Here are three variants demonstrating how to re-implement parts of your numpy code in Theano.
Note that Theano's Unique operation does not support running on the GPU and does not appear to support gradients either. As a result version 3 many not be of much use. Version 2 provides a workaround: compute the unique values outside Theano and pass them in. Version 1 is a Theano implementation of the final line of your numpy code only.
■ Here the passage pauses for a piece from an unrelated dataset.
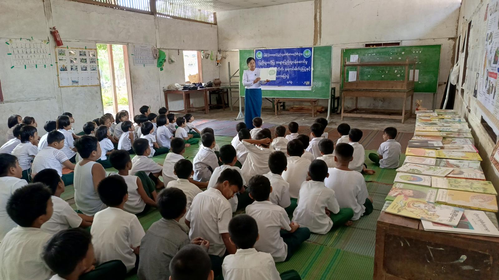 ရှေးဦးစွာ အ.လ.က (လယ်တွင်း)ကျောင်း ကျောင်းအုပ်ဆရာမကြီး ဒေါ်ခင်သွယ်သွယ်လင်းက အဖွင့်အမှာစကားပြောကြားပြီး၊ ဇီးကုန်းမြို့နယ် ပြန်ကြားရေးနှင့်ပြည်သူ့ဆက်ဆံရေးဦးစီးဌာနမှ မြို့နယ်ဦးစီးအရာရှိ ဒေါ်မာမာဦးက ကျောင်းသား/ကျောင်းသူလူငယ်များအနေဖြင့် ကျောင်းစာအပြင် ပြင်ပ စာအုပ်စာစောင်များ လေ့လာဖတ်ရှုခြင်းကြောင့် ကိုယ်တိုင်စဉ်းစားတွေးခေါ်တတ်သော အတွေးအခေါ် အမြော်အမြင်များ ရရှိစေရန်၊ အားလပ်ချိန်ကို အကျိုးရှိစွာ အသုံးပြုကြရေး၊ ကျောင်းစာကို ကြိုးစားကြသလို ဗဟုသုတတိုးပွားစေရန်နှင့် ကလေးအလုပ်သမားပပျောက်ရေးအကြောင်းကိုဟောပြောခြင်း၊ ဒုတိယဦးစီးမှူး ဒေါ်ရီရီမြင့်က ပုံပြင်စာအုပ်များဖတ်ပြခြင်းနှင့် စားသုံးသူရေးရာဦးစီးဌာန မြို့နယ်တာဝန်ခံ ဒေါ်မြင့်မြင့်ခင်က စားသုံးသူကာကွယ်ရေးဥပဒေအကြောင်း၊ ကုန်ညွှန်းအမှတ်အသား ပြည့်စုံပါဝင်မှုနှင့် စားသုံးရန်မသင့်သော အစားအသောက်များ အကြောင်းတို့ကို အသိပညာပေးဟောပြောခဲ့၍ အသိပညာပေး နံရံကပ်စာစောင်များကို ပြသပေးခဲ့သည်။

To address your specific issue: there is no need to use nonzero; in this case the indexing works in Theano just like it works in numpy. Maybe you were getting confused between y and Y? (common Python style is to stick with lower case for all variable and parameter names).
import numpy as np
import theano
import theano.tensor as tt
import theano.tensor.extra_ops
def numpy_ver(y, y_hat):
Y = np.zeros(shape=(len(y), len(np.unique(y))), dtype=np.int64)
Y_hat = np.zeros_like(Y, dtype=np.int64)
rows = np.arange(len(y), dtype=np.int64)
Y[rows, y] = 1
Y_hat[rows, y_hat] = 1
return ((Y_hat == Y) & (Y == 1)).sum(axis=0), Y, Y_hat
def compile_theano_ver1():
Y = tt.matrix(dtype='int64')
Y_hat = tt.matrix(dtype='int64')
z = (tt.eq(Y_hat, Y) & tt.eq(Y, 1)).sum(axis=0)
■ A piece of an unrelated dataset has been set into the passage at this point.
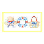 The Americana theme continues with the sunhat, the buoy, and the beach bag in the traditional red, white and blue. The design is printed on LuckyBird's lumbar handmade pillow swap. The swap will fit any of the lumbar LuckyBird button pillows.

return theano.function([Y, Y_hat], outputs=z)
def compile_theano_ver2():
y = tt.vector(dtype='int64')
y_hat = tt.vector(dtype='int64')
y_uniq = tt.vector(dtype='int64')
Y = tt.zeros(shape=(y.shape[0], y_uniq.shape[0]), dtype='int64')
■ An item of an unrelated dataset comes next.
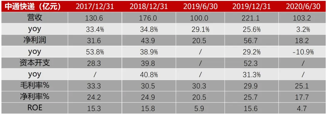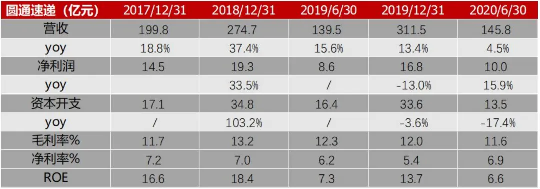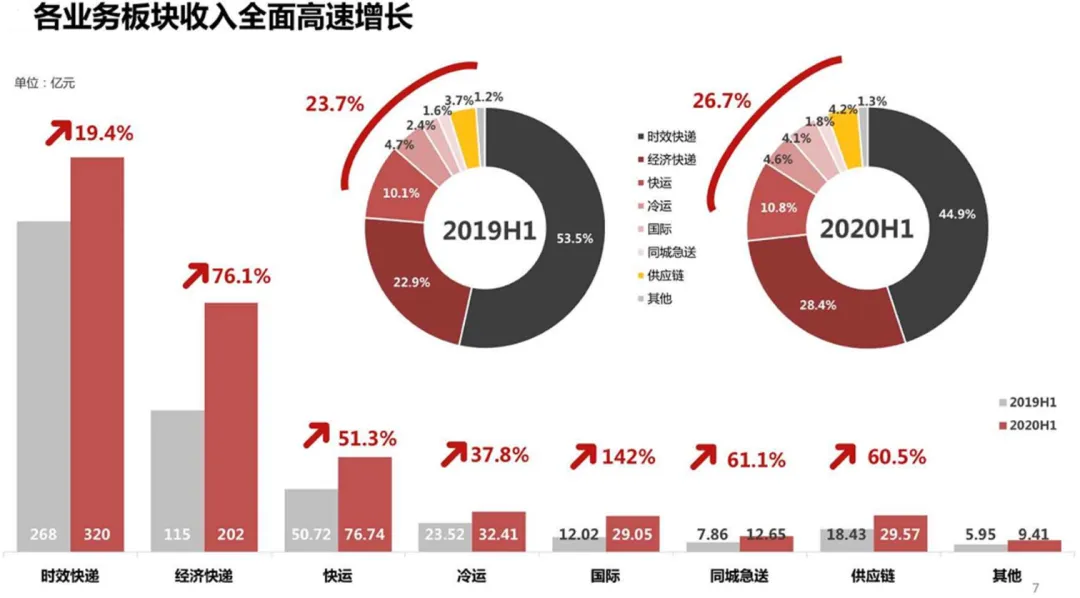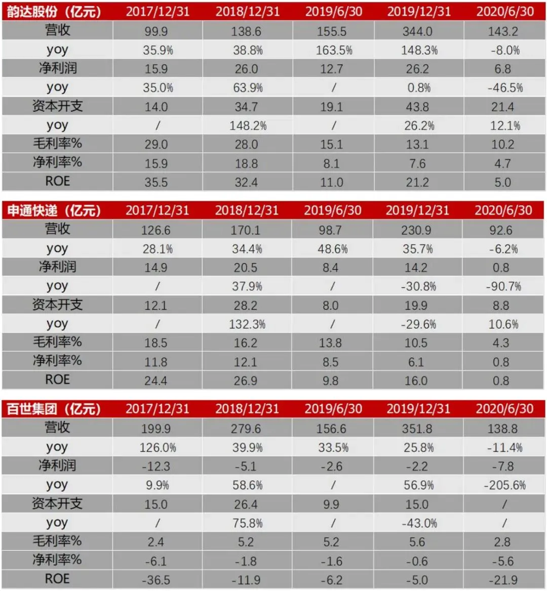 中通快递是通达系中经营最稳健的一家。除了业务量与市场份额稳居行业第一以外,净利润规模18.2亿也是通达系快递中最高的一家。2020上半年公司总营收保持正增长3.2%,由于上半年人力成本提升、抗疫物资采购等支出增加,净利润同比下滑10.9%。价格战使公司盈利能力承压,毛利率同比下降5.2pct至25.1%,净利率同比下降2.8pct至17.7%。圆通是今年上半年进步最大的通达系快递公司。公司总营收同比提升4.5%、净利润同比提升15.9%,是唯一一家净利润正增长的通达系快递公司。同时圆通毛利率同比降低0.7pct,净利率同比增加0.7pct。盈利能力得到明显改善,主要因为圆通上半年成本管控取得长足进步,管理层在中报电话会议中多次强调了全岗位数字化、全流程精细化管理等关键点,并且将考核与成本挂钩、设置激励绩效。此外,净利润增长圆通速递国际的航空货运业务功不可没,疫情使航空运输需求得到充分释放,飞机使用率与飞行小时数大幅提升,净利润暴增2115%。今年圆通资本开支会加大,虽然上半年受疫情影响资本开支同比下降17.4%,但下半年将会追赶项目进度,计划完成北京、重庆等转运中心改建项目,全网快递运能将达到4000~4500万票/天。9月1日,圆通公告阿里巴巴计划以66亿元增持其12%股份,交易完成后阿里合计持有圆通22.5%的股份,控制力进一步加强。韵达、申通、百世上半年营收与利润均出现不同程度下滑。韵达业务量保持快速增加的情况下,营收下降8%,净利润下降46.5%,“增量不增收、增量不增利”,半年报给出的主要原因有:1、货品结构优化,快递单票重量下降,进一步降低单票的资源成本和收入;2、基于当前快递市场的发展,公司在部分区域采取合理的市场策略(价格战)。此外,对末端网点派费的补贴、人员抗疫物资的支出以及持续高强度的资本开支蚕食了盈利,毛利率10.2%、净利率4.7%,分别下降4.9pct、3.4pct。值得注意的是,韵达的核心竞争力并未弱化,成本方面,凭借一直以来对转运中心自动化、物流系统研发方面的大力投入,中转、运输核心环节成本保持在较低水平。服务方面,从国家邮政局7月披露的快递业申诉情况来看,韵达综合表现稳定在通达系前两位。申通和百世业务量未跑赢行业平均增速,市场份额较年初萎缩,疫情叠加价格战使利润与盈利能力(毛利率、净利率)均大幅下滑,具体数据参见表7(百世为集团口径,包含快运、小店等业务)。总之,下半年快递价格企稳以及传统旺季来临都有利于快递巨头修复报表。快递公司短期盈利下滑,风险可控。一方面,通达系快递整体现金储备充裕,截至6月末百世29亿、申通41亿、圆通73亿、韵达98亿、中通137亿;另一方面,阿里上半年增资圆通、认购百世可转债,投资韵达2%的股份,对电商快递板块投入加大、控制力增强(阿里成为整个通达系的重要股东),降低通达系快递经营与财务风险。表7:韵达股份、申通快递、百世集团2020H1各项财务指标顺丰是2020年至今表现最好的快递公司。疫情使人们不得不重视直营模式的稳定性,承担抗疫物资运输使顺丰品牌价值提升。受益于稳定的时效件业务,以及特惠电商件业务对中端电商市场渗透率提升,顺丰快递板块业绩快速上涨。如图9,高品质消费线上化提速以及航空运力需求大增,时效快递收入增长19.4%;经济快递收入同比增长76.1%,同时规模效应以及网络快慢分离使单票成本下降。顺丰前瞻性的综合物流布局也取得成效,其中快运板块凭借顺丰快运打中高端市场、顺心捷达打低端市场,上半年业务收入同比增长51.3%,保持高增长势头;生鲜到家、医药(包括疫苗)配送对冷链运输需求增加,上半年冷运及医药业务收入增长37.8%。此外国际业务、同城急送、供应链业务均取得较大涨幅。除了通达系快递、顺丰、京东与中国邮政以外,极兔和众邮快递上半年业务量也得到快速扩张,根据调研情况反馈,极兔目前日均单量在500~600万量级,虽然距离巨头(大于2000万票/天)仍有较大差距,但足以引起关注。极兔依托OPPO、VIVO的加盟商,与拼多多关系密切。众邮快递创始于京东,是对加盟制快递的尝试。虽然两者背后多多少少都有电商巨头的资源支持,但是通达系快递在网络建设(数字化、自动化投入)、成本管控(各环节成本优化)构筑了足够高的壁垒,如何充分降低单票成本做到稳定盈利、如何在业务量继续增长的情况下保持稳定的服务质量,仍是摆在极兔和众邮面前的难题。

Y_hat = tt.zeros_like(Y, dtype='int64')
rows = tt.arange(y.shape[0], dtype='int64')
Y = tt.set_subtensor(Y[rows, y], 1)
Y_hat = tt.set_subtensor(Y_hat[rows, y_hat], 1)
z = (tt.eq(Y_hat, Y) & tt.eq(Y, 1)).sum(axis=0)
return theano.function([y, y_hat, y_uniq], outputs=z)
def compile_theano_ver3():
y = tt.vector(dtype='int64')
y_hat = tt.vector(dtype='int64')
y_uniq = tt.extra_ops.Unique()(y)
Y = tt.zeros(shape=(y.shape[0], y_uniq.shape[0]), dtype='int64')
Y_hat = tt.zeros_like(Y, dtype='int64')
rows = tt.arange(y.shape[0], dtype='int64')
Y = tt.set_subtensor(Y[rows, y], 1)
Y_hat = tt.set_subtensor(Y_hat[rows, y_hat], 1)
z = (tt.eq(Y_hat, Y) & tt.eq(Y, 1)).sum(axis=0)
return theano.function([y, y_hat], outputs=z)
def main():
y = np.array([1, 0, 1, 2, 2], dtype=np.int64)
y_hat = np.array([2, 0, 1, 1, 0], dtype=np.int64)
y_uniq = np.unique(y)
result, Y, Y_hat = numpy_ver(y, y_hat)
print result
theano_ver1 = compile_theano_ver1()
print theano_ver1(Y, Y_hat)
theano_ver2 = compile_theano_ver2()
print theano_ver2(y, y_hat, y_uniq)
theano_ver3 = compile_theano_ver3()
print theano_ver3(y, y_hat)
main()